[Records from a data collection]
· · ·

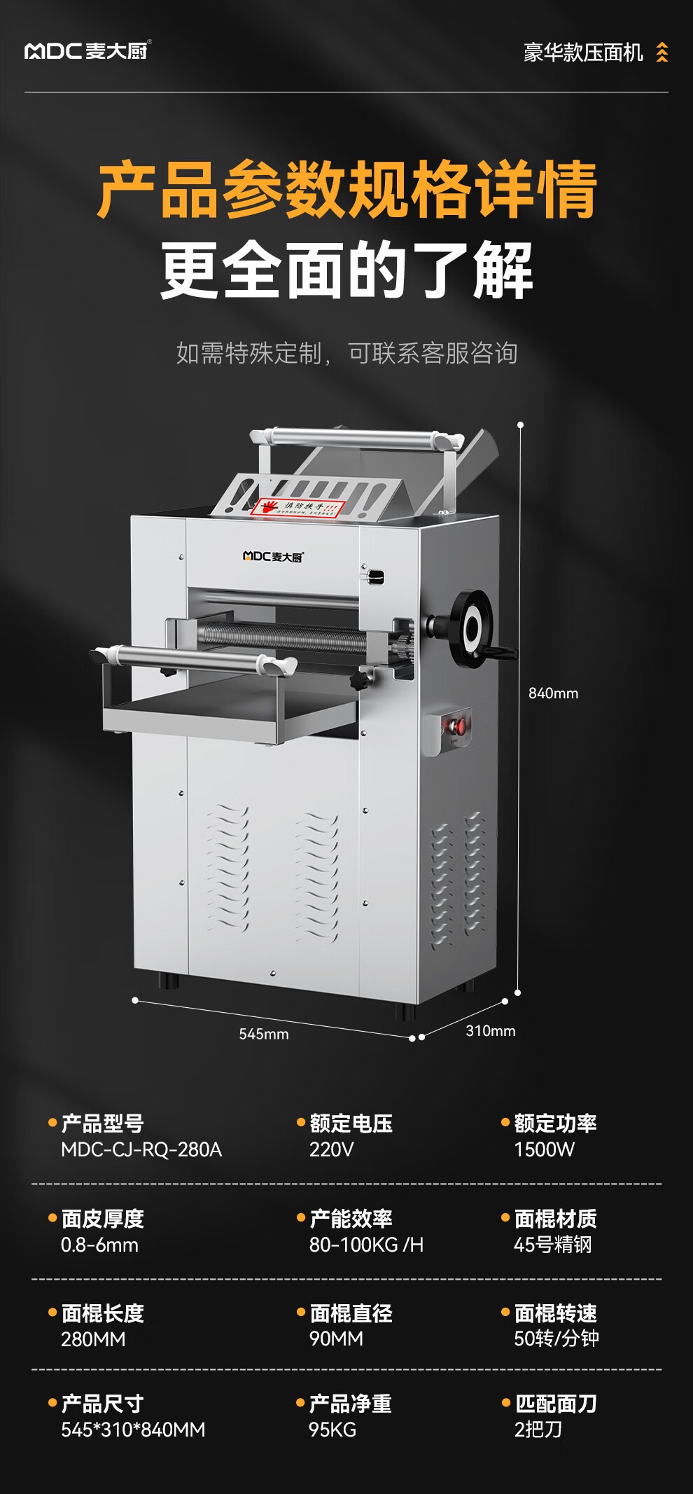 面輥轉速:50轉/min - 更多MDC商用壓面機規格咨詢在線客服
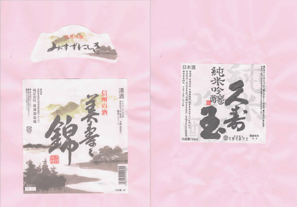 「酒の間」の尾澤酒造場「十九」ラベルと平瀬酒造店「久寿玉」ラベルに追加しました。
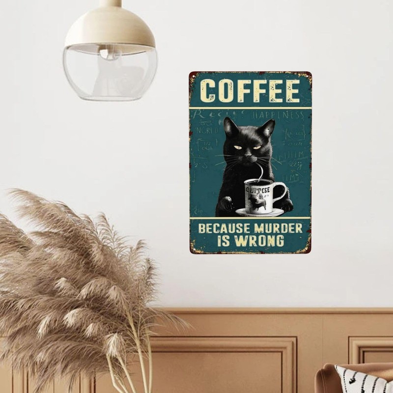 ZHIQUN Cat Coffee Metal Plaque 8X12IN - "Coffee Because Murder Is Wrong" Retro Bar Decor for Kitchens & Cat Theme Cafe Wall Art
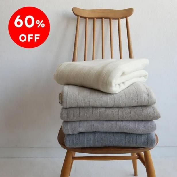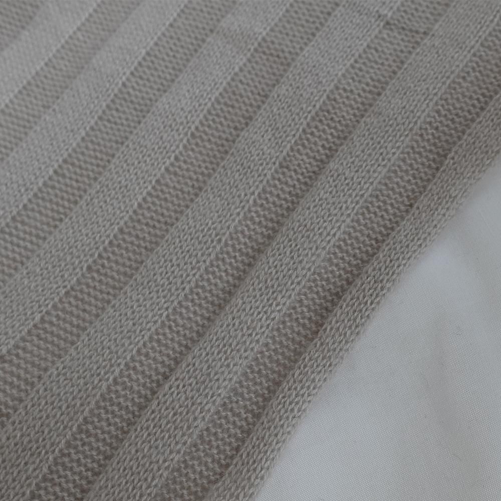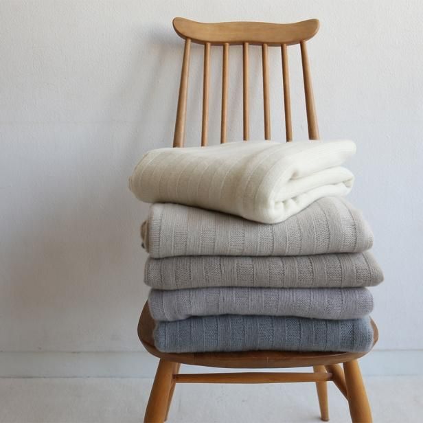 ひざ掛けや肩掛け、ベッドスローにインテリアスロー、どこでも使える万能さもあります。幅のあるリブ編みは上品さと、伸びの良さにも繋がっています。
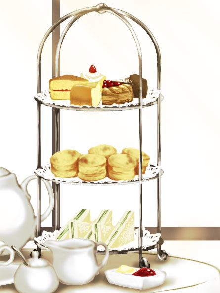 さらに言っとくと中段がスコーンで下段がきゅうりサンドです。
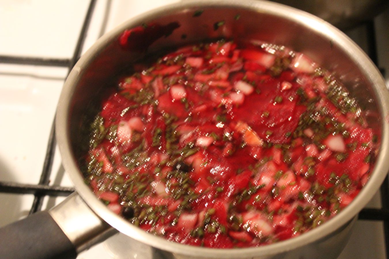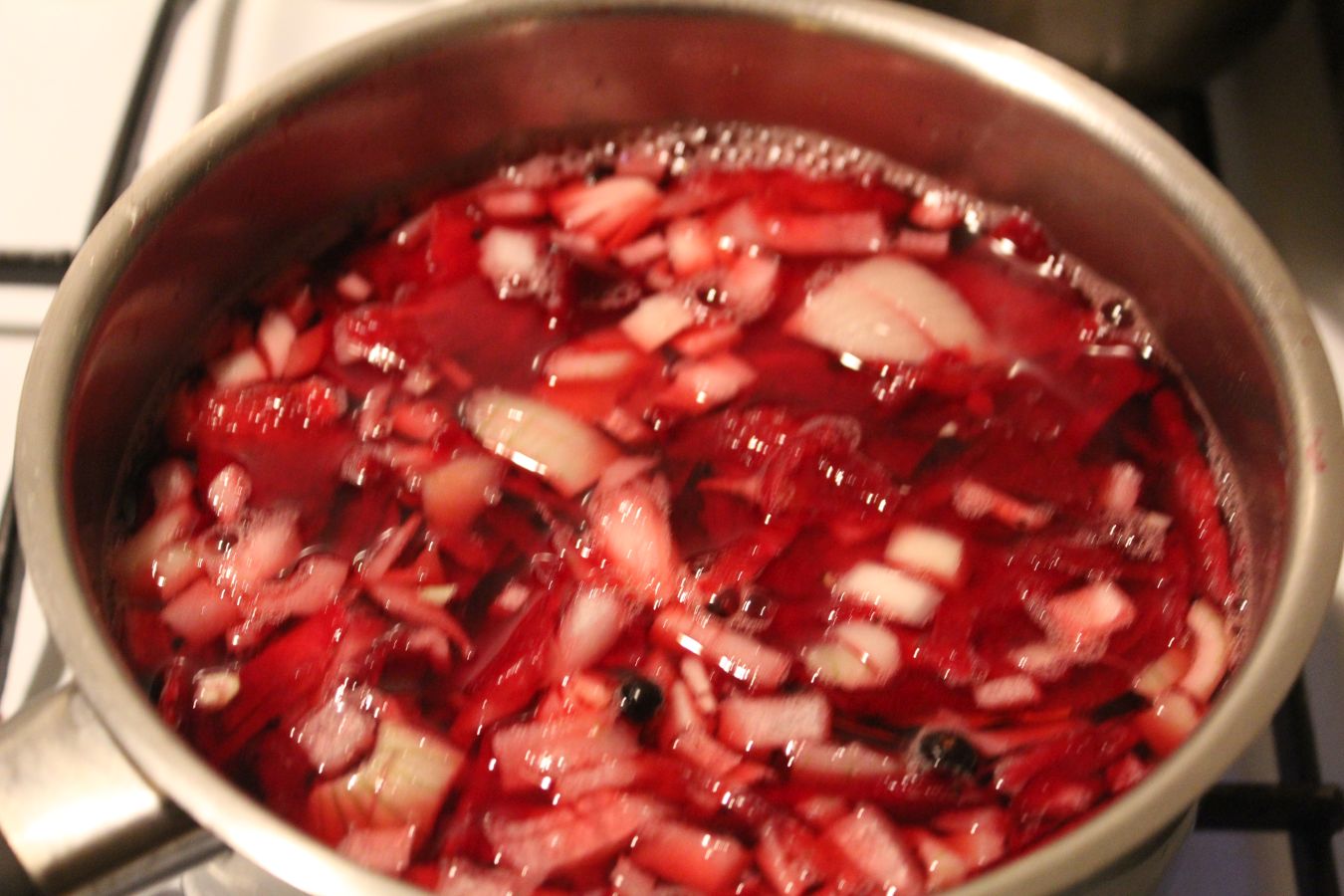 Die Flüssigkeit einmal mit den roten Beten im Topf aufkochen, bis die Flüssigkeit sprudelt, dann sofort den Herd abstellen.
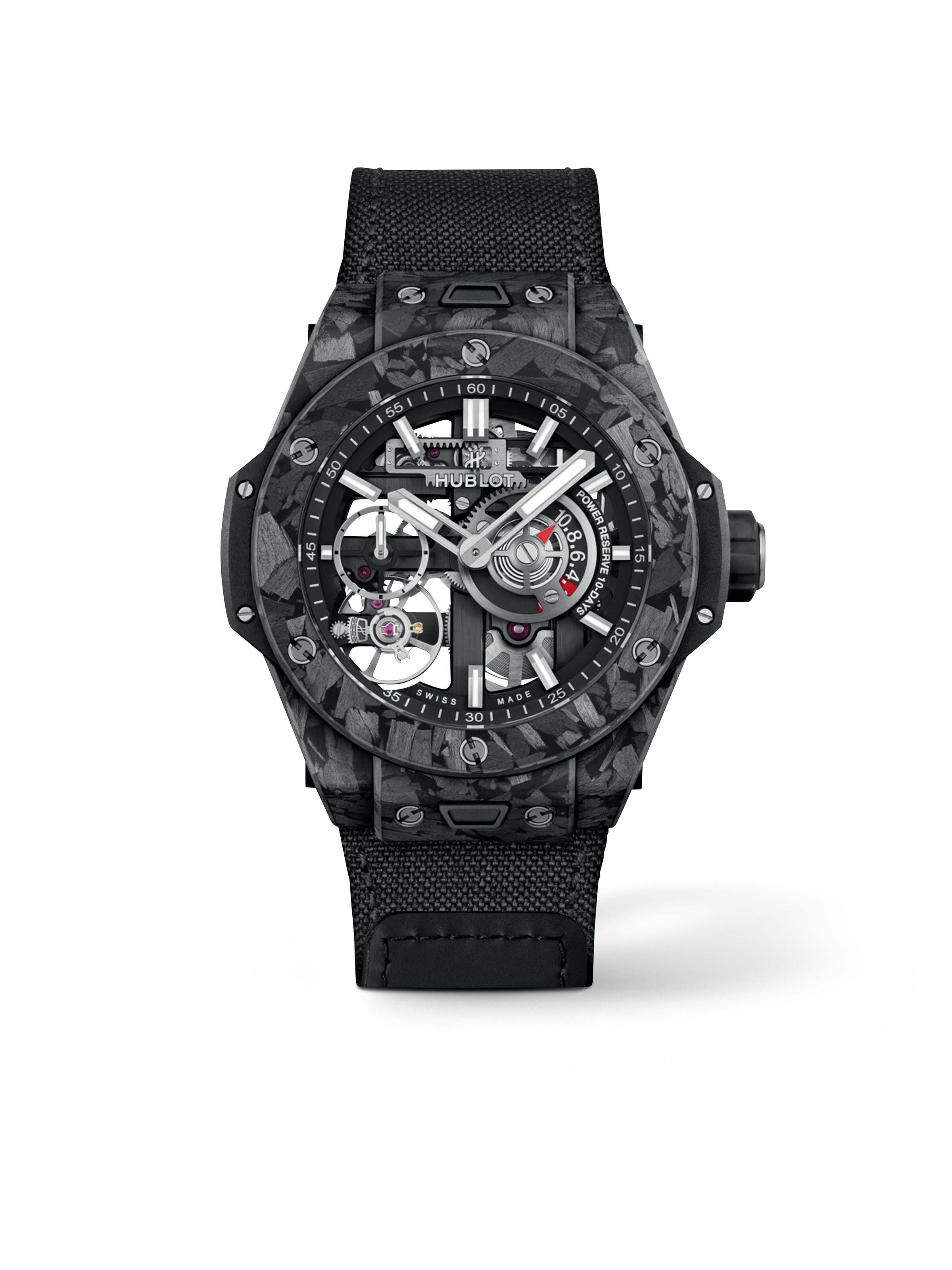 Big Bang Meca-10 Frosted Carbon 42 mm, Carbon mit schwarzem Textilarmband, Handaufzug-Manufakturkaliber HUB1205 mit Gangreserven-Anzeige | Referenz-Nr. HB050315
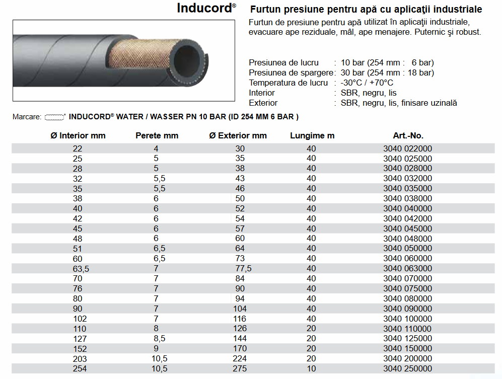 Furtun refulare din cauciuc, 10 Bar
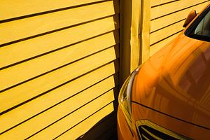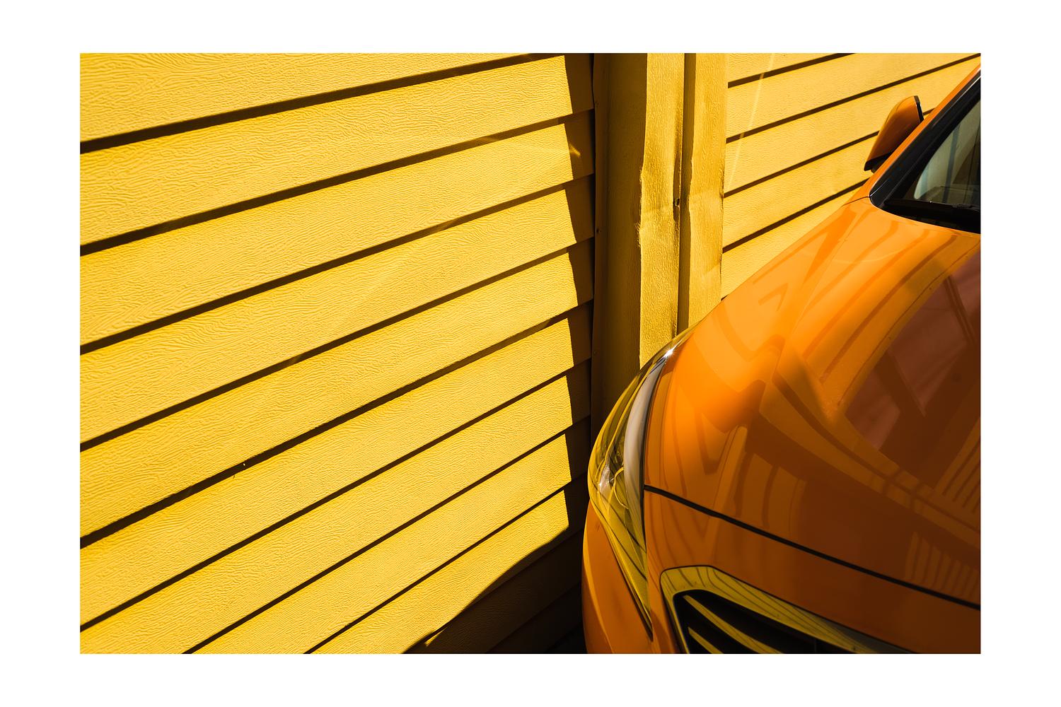 An orange taxi pauses beside a yellow wooden wall, where vivid colors and textures meet in a contemplative urban scene.

· · ·

#### [Task brief]
Please print every record exactly, leaving out the pictures.

#### [Task answer]
 面輥轉速:50轉/min - 更多MDC商用壓面機規格咨詢在線客服
 「酒の間」の尾澤酒造場「十九」ラベルと平瀬酒造店「久寿玉」ラベルに追加しました。
 ZHIQUN Cat Coffee Metal Plaque 8X12IN - "Coffee Because Murder Is Wrong" Retro Bar Decor for Kitchens & Cat Theme Cafe Wall Art
 ひざ掛けや肩掛け、ベッドスローにインテリアスロー、どこでも使える万能さもあります。幅のあるリブ編みは上品さと、伸びの良さにも繋がっています。
 さらに言っとくと中段がスコーンで下段がきゅうりサンドです。
 Die Flüssigkeit einmal mit den roten Beten im Topf aufkochen, bis die Flüssigkeit sprudelt, dann sofort den Herd abstellen.
 Big Bang Meca-10 Frosted Carbon 42 mm, Carbon mit schwarzem Textilarmband, Handaufzug-Manufakturkaliber HUB1205 mit Gangreserven-Anzeige | Referenz-Nr. HB050315
 Furtun refulare din cauciuc, 10 Bar
 An orange taxi pauses beside a yellow wooden wall, where vivid colors and textures meet in a contemplative urban scene.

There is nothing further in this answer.